The Current Column

World Food Day 2009: never have so many people suffered from hunger

Neubert, Susanne
The Current Column (2009)

Bonn: German Development Institute / Deutsches Institut für Entwicklungspolitik (DIE) (The current column of 12 October 2009)

Bonn, 12 October 2009. On this year’s World Food Day, on October 16, some 1.6 billion people will be exposed to hunger. This means in effect that every 6th to 7th person in the world has too little to eat.

This development was to be expected. The past year was marked by the occurrence of three global crises, all of which had negative impacts on the food situation worldwide: It started out with the 2007-2008 food crisis, which was sparked by extremely high food prices and led to a rise in the number of people exposed to hunger from 800 million to 900 million. It was followed virtually at once by the economic and financial crisis, which further exacerbated world food situation. The third crisis, climate change, found expression, in the same period of time, particularly in major droughts and crop failures in many parts of the world.

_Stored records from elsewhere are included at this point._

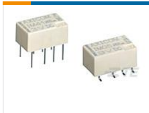
TE 产品编号4-1462037-7 IM07GR=IM RELAY 200mW 24VDC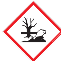
Tableau des déclinaisons possibles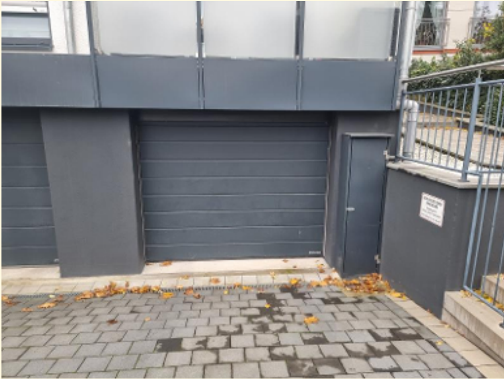
17 - Garage Außen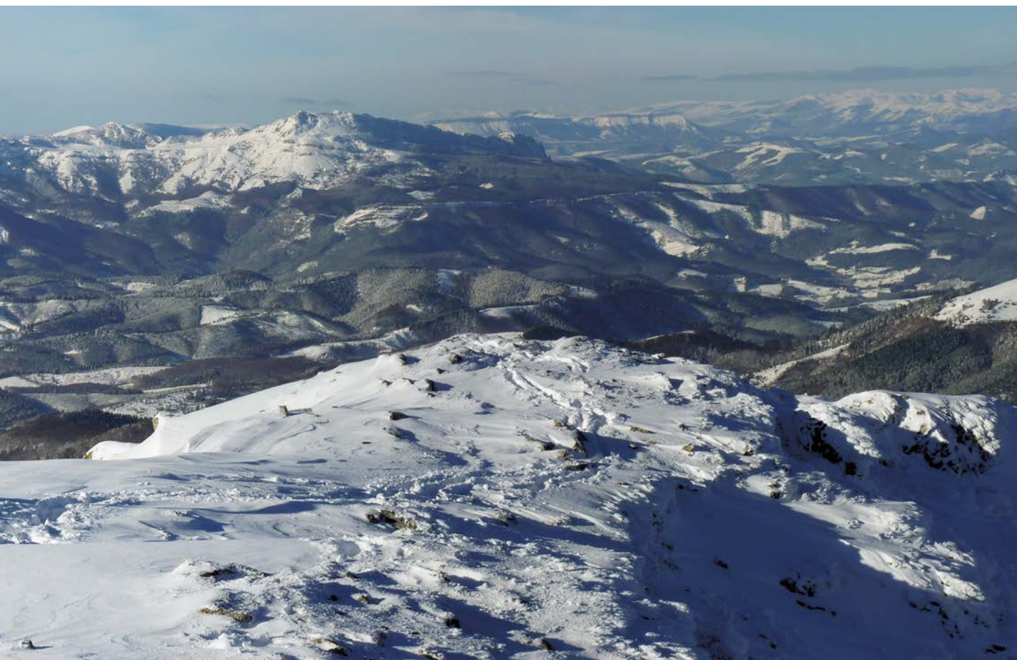
Tontorreko postontzia, atzean Gorbea eta Lekanda zaindari dituela

etenik gabe eta kontuan izanda arrastoa zabaldu gabe dagoela, nekea gero eta gehiago nozitzen dugu gure hanketan. Ipar isuria izanik gerizpean jarraitzen dugu, baina bailaran eguzkia nagusi da. Bide batez, geldialditxoak aprobetxatzen ditugu hauspoa berreskuratzen dugun bitartean inguruan dugun paisaia ikusgarriari argazkiak ateratzeko. Gutxika metroak kendu dizkiogu mendiari, eta jadanik Frailea orratzari parez pare begiratu ahal izan diogu, hau da, mila metroko altuera muga igaro berri dugu.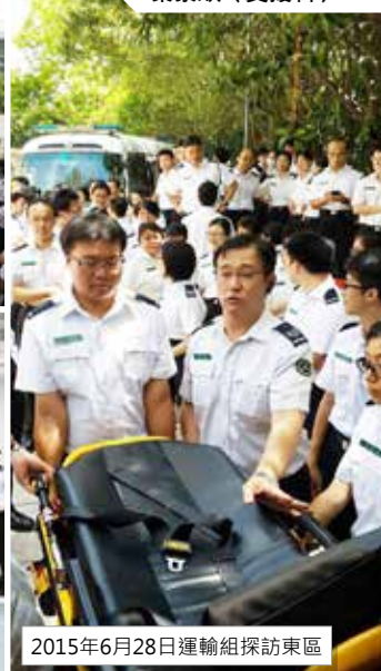
2015年6月28日運輸組探訪東區

運輸組在2015年6月至9月期間，先後探訪觀塘區、東區、九龍城區、荃灣區、沙田區和南區，分別與各區隊員一同研習，分享使用救護車裝備心得。我們會於較後時間，繼續探訪其他區份／單位，與隊員們交流使用救護車裝備的技巧。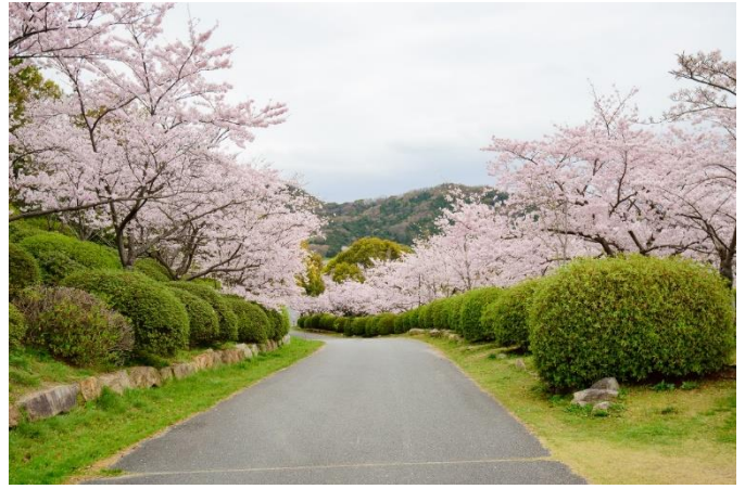
벚꽃 ( 3월 하순 ~ 4월 상순 )

But to return to the food crisis: Following years of low food prices – which benefited the urban population in developing countries, while at the same time harming small-scale agriculture – food prices suddenly soared in 2006-2007, soon reaching record levels. The reasons for this rise in food prices were many and varied. On the one hand, high oil prices led to a rise in production costs, above all for diesel and fertilisers. On the other hand, the numerous biodiesel support programmes adopted by a good number of industrialised countries served to raise the competitiveness of biodiesel, leading regionally to further rises in food prices. Extensive crop failures, e.g. in Australia, led, in addition, to rapid and sharp declines in world grain stocks. This, in turn, led to panic purchasing, and many countries imposed restrictions on food imports with a view to securing their own population’s food supply. This in turn encouraged financial market speculation, leading to further price increases.

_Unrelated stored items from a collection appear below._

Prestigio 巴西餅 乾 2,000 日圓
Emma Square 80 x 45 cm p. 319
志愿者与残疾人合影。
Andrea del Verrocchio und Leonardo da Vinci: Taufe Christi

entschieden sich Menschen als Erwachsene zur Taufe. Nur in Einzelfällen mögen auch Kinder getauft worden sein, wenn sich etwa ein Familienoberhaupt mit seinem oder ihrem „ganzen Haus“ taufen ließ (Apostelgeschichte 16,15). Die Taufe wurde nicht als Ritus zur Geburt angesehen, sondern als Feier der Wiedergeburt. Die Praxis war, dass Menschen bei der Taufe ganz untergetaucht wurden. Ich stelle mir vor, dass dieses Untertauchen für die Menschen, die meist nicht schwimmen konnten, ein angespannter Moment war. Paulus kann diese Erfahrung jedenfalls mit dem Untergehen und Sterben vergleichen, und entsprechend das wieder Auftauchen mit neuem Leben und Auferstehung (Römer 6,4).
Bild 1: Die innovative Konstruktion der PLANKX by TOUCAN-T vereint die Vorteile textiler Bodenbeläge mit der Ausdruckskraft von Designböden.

As far as medium-term developments are concerned, though, it at first appeared that the food crisis had one positive effect: Growing expectations that investment in agricultural development might pay off again, restoring the economic viability of small-scale agriculture. However, the world was then shaken by the economic and financial crisis before any effects of this kind had been able to materialize. Commodity prices again went into decline, dragging grain prices in the most important international markets along with them. While this entailed a slight short-term easing of the food situation, it at the same time ultimately undercut incentives to invest in the agricultural sector, leading to a decline in the ability to invest. Declining direct investments and remittances from abroad as well as sinking government revenues led to sharp declines in household incomes, especially in poor developing countries. Since what is crucial for investment decisions is not only the current price level but its stability as well, the economic crisis has served to seriously hamper investment decisions in favour of agriculture. For the famers affected, this rising uncertainty is reflected in increasingly costly loans at markedly unfavourable terms.

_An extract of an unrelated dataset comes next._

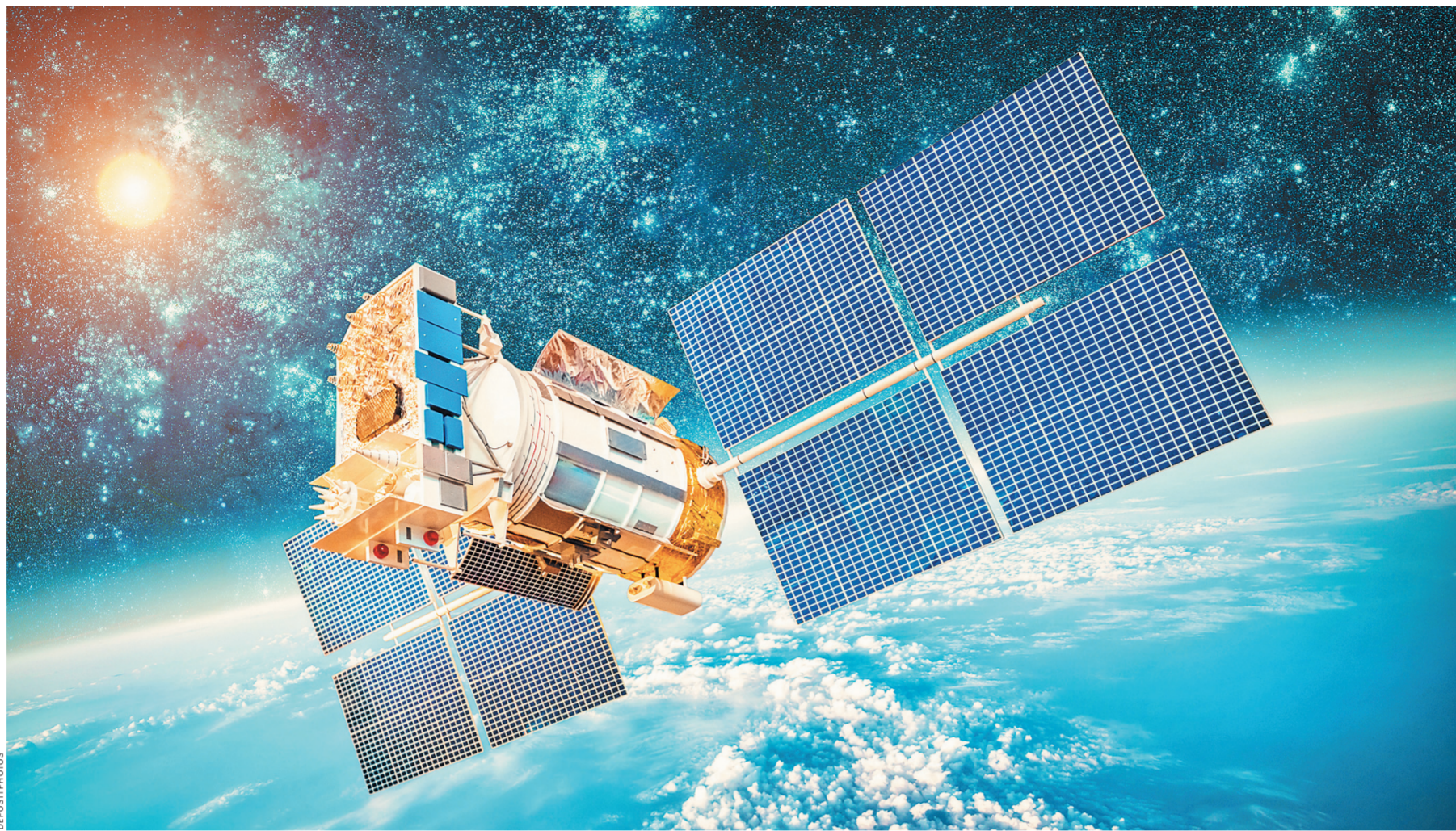
Индия тратит на космос уже более 1,2 миллиарда долларов в год и в рейтинге космических держав пропалась на пятом месте после США, Китая, России и Японии.

The food crisis is thus by no means over, even though this may have seemed to be the case in view of the brief easing of the food situation, and with the economic crisis drawing attention away from the food crisis. It is still very much with us, and will continue to be with us until effective counter-measures have been taken.

So what can we do?

Despite the setbacks recently experienced, increased investment in agricultural development continues to be the only way to increase the food supply and to enable poor countries in particular to lower their dependence on international grain prices. It is essential that steps be taken to better protect agricultural systems against sharply changing weather events due to climate change as well as to shield them more effectively from the effects of volatile developments in world market prices. But another factor of major importance is that the financial commitments made to the UN World Food Programme by industrialised countries be honoured in full and that the International Monetary Fund (IMF) adopt a coherent policy designed to mitigate “external shocks” of this kind. However, the developing countries also need to step up their engagement as far as a consistent implementation of the Comprehensive Africa Agricultural Programme (CAADP), a fledgling structure of the New Partnership for Africa’s Development (NEPAD), is concerned. It will take nothing less than a “green revolution” in Africa to make up for the deficits of the past. Instead of following the old model, though, it should contain a policy geared to consistent adaptation to climate change and remain mindful of the sharp fluctuations in international prices for agricultural inputs. This would imply a shift from an agriculture based on high levels of external inputs to a land management centred on efforts to conserve water and to raise soil fertility and geared to intelligently combining these strategies with sustainable seed cultivation and irrigation technologies, with the aim of increasing local buffer capacities for times of drought.

Leading regional powers like China and India should, in addition, become involved in working out crisis plans designed to increase international buffer capacities, including e.g. world grain stocks, bearing their own situation in mind as well. One thing that would be called for is development of strategies to reduce the increasingly meat-based nutritional habits of the more prosperous segments of the world population. Not only that overnutrition is plainly and simply unhealthy. As a mass phenomenon, and in view of the present food crisis, the only term that seems appropriate to characterise the fact that that even today over 1.2 billion people are overfed is cynicism. What this means in effect for word agriculture is that animal food products – especially those based on grain-eating livestock – require far more land and water to produce the same quantity of food for each and every individual. And that we can no longer afford to go on with.